## Task objective
All lines from the one that contains "по утру шла." to the end of the data must be retyped exactly. Pictures are not retyped.

============

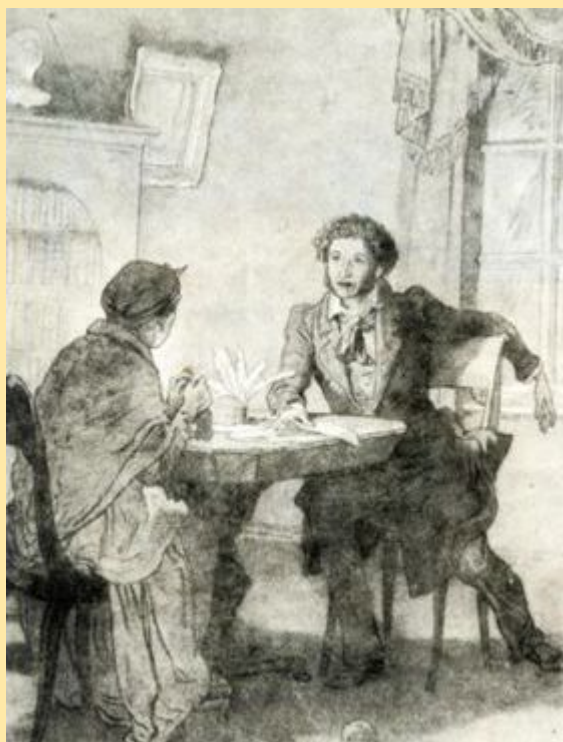
Иллюстрация к стихотворению «Зимний вечер»

...Наша ветхая лачужка И печальна и темна. Что же ты, моя старушка, Приумолкла у окна? Или бури завываньем Ты, мой друг утомлена, Или дремлешь под жужжаньем Своего веретена? Выпьем, добрая подружка Бедной юности моей, Выпьем с горя; где же кружка? Сердцу будет веселей. Спой мне песню, как синица Тихо за морем жила; Спой мне песню как девица За водой по утру шла.
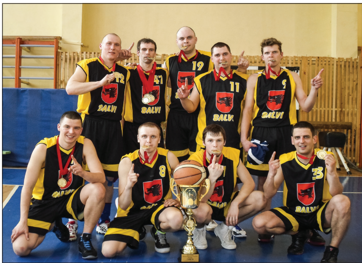
1.vieta Bastions Balvi

Balvu pamatskolā 23.martā norisinājās pēdējās Balvu novada atklātā basketbola čempionāta fināla spēles, kur par 5.-6.vietu
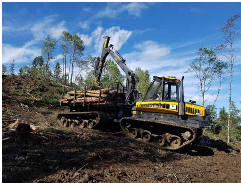
Ett exempel på skonsammare drivningsmetoder – en bandgående skotare under utveckling.

Projektägare är Skogsstyrelsen och Fylkesmannen i Trøndelag.
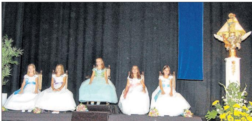
Las cinco Damas de la Virgen, el sábado, sobre el escenario del Gran Teatro. ALFONSO ROVIRA

El acto daba comienzo poco después de las diez de la noche del
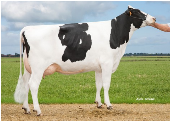
Josefien V/H Zomerbloemhof VG-86
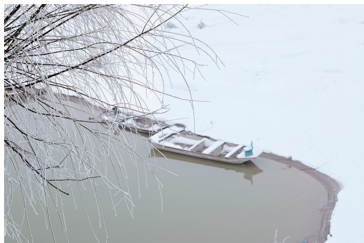
一步一景让你想做诗

岁月变迁让城市几多虚浮,一场白雪把它P回本来的美貌。难怪有人说,一下雪,郑州就变了个样。
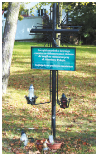
Krzyż upamiętniający cmentarz przy ul. Wita Stwosza

– Pruszcz jest jak Warszawa. To jedno wielkie cmentarzysko – mawiają niektórzy mieszkańcy naszego miasta, śledzący od dziesięcioleci prace archeologów w Pruszczu Gdańskim. Faktycznie – mające 2000 lat miejsca pochówku dawnych mieszkańców tych ziem odkrywane były na obszarze w zasadzie całego centrum mia-
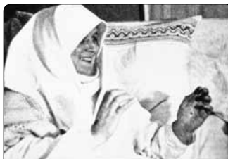
Velikonoční ráno roku 1936. Místo kněze, který ji přináší sv. přijímání, vidí Terezie v extázi, jak se k ní přibližuje Ježíš

Blahoslavená Resl byla v den blahorečení Terezičky 19. dubna 1923 uzdravena z ochrnutí a v den svatořečení 17. května 1925 ze slepoty. Terezička ji také v jednom zjevení řekla: „Úplně sebeobětování a radost z utrpení nás těší.“
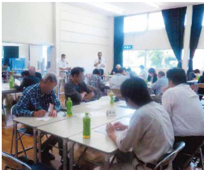
地域福祉活動計画委員会

正気社協は社協役員、食生活改善会、民生・児童委員、各種団体、ボランティアが中心となって、今年度は「みんなが主役・みんなを支える正気」を合言葉に、つながりを大切にする活動を行っています。
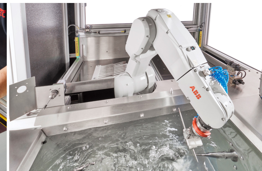
///// Entgraten von unterschiedlichen Materialien prozesssicher, vollautomatisiert und punktuell
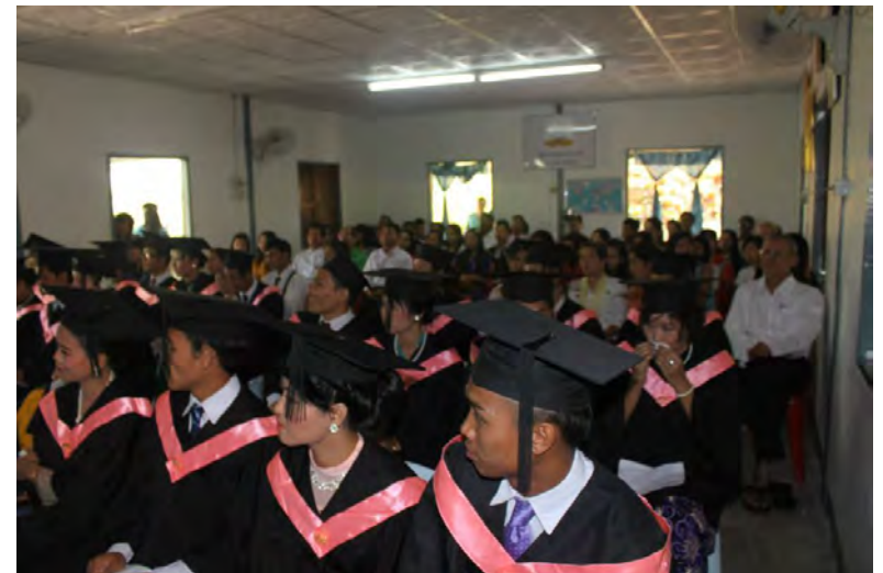
写真:ヒューマンライツ・ナウが 2009~2013年まで運営支援をしてきた、 ミャンマーの次世代リーダーに 人権教育をする「ピースローアカデミー」 卒業式の様子。 卒業生の多くはいま、ミャンマーへ戻り、 民主化の最前線で活躍中です。

============

## Answer section
...Наша ветхая лачужка И печальна и темна. Что же ты, моя старушка, Приумолкла у окна? Или бури завываньем Ты, мой друг утомлена, Или дремлешь под жужжаньем Своего веретена? Выпьем, добрая подружка Бедной юности моей, Выпьем с горя; где же кружка? Сердцу будет веселей. Спой мне песню, как синица Тихо за морем жила; Спой мне песню как девица За водой по утру шла.
1.vieta Bastions Balvi

Balvu pamatskolā 23.martā norisinājās pēdējās Balvu novada atklātā basketbola čempionāta fināla spēles, kur par 5.-6.vietu
Ett exempel på skonsammare drivningsmetoder – en bandgående skotare under utveckling.

Projektägare är Skogsstyrelsen och Fylkesmannen i Trøndelag.
Las cinco Damas de la Virgen, el sábado, sobre el escenario del Gran Teatro. ALFONSO ROVIRA

El acto daba comienzo poco después de las diez de la noche del
Josefien V/H Zomerbloemhof VG-86
一步一景让你想做诗

岁月变迁让城市几多虚浮,一场白雪把它P回本来的美貌。难怪有人说,一下雪,郑州就变了个样。
Krzyż upamiętniający cmentarz przy ul. Wita Stwosza

– Pruszcz jest jak Warszawa. To jedno wielkie cmentarzysko – mawiają niektórzy mieszkańcy naszego miasta, śledzący od dziesięcioleci prace archeologów w Pruszczu Gdańskim. Faktycznie – mające 2000 lat miejsca pochówku dawnych mieszkańców tych ziem odkrywane były na obszarze w zasadzie całego centrum mia-
Velikonoční ráno roku 1936. Místo kněze, který ji přináší sv. přijímání, vidí Terezie v extázi, jak se k ní přibližuje Ježíš

Blahoslavená Resl byla v den blahorečení Terezičky 19. dubna 1923 uzdravena z ochrnutí a v den svatořečení 17. května 1925 ze slepoty. Terezička ji také v jednom zjevení řekla: „Úplně sebeobětování a radost z utrpení nás těší.“
地域福祉活動計画委員会

正気社協は社協役員、食生活改善会、民生・児童委員、各種団体、ボランティアが中心となって、今年度は「みんなが主役・みんなを支える正気」を合言葉に、つながりを大切にする活動を行っています。
///// Entgraten von unterschiedlichen Materialien prozesssicher, vollautomatisiert und punktuell
写真:ヒューマンライツ・ナウが 2009~2013年まで運営支援をしてきた、 ミャンマーの次世代リーダーに 人権教育をする「ピースローアカデミー」 卒業式の様子。 卒業生の多くはいま、ミャンマーへ戻り、 民主化の最前線で活躍中です。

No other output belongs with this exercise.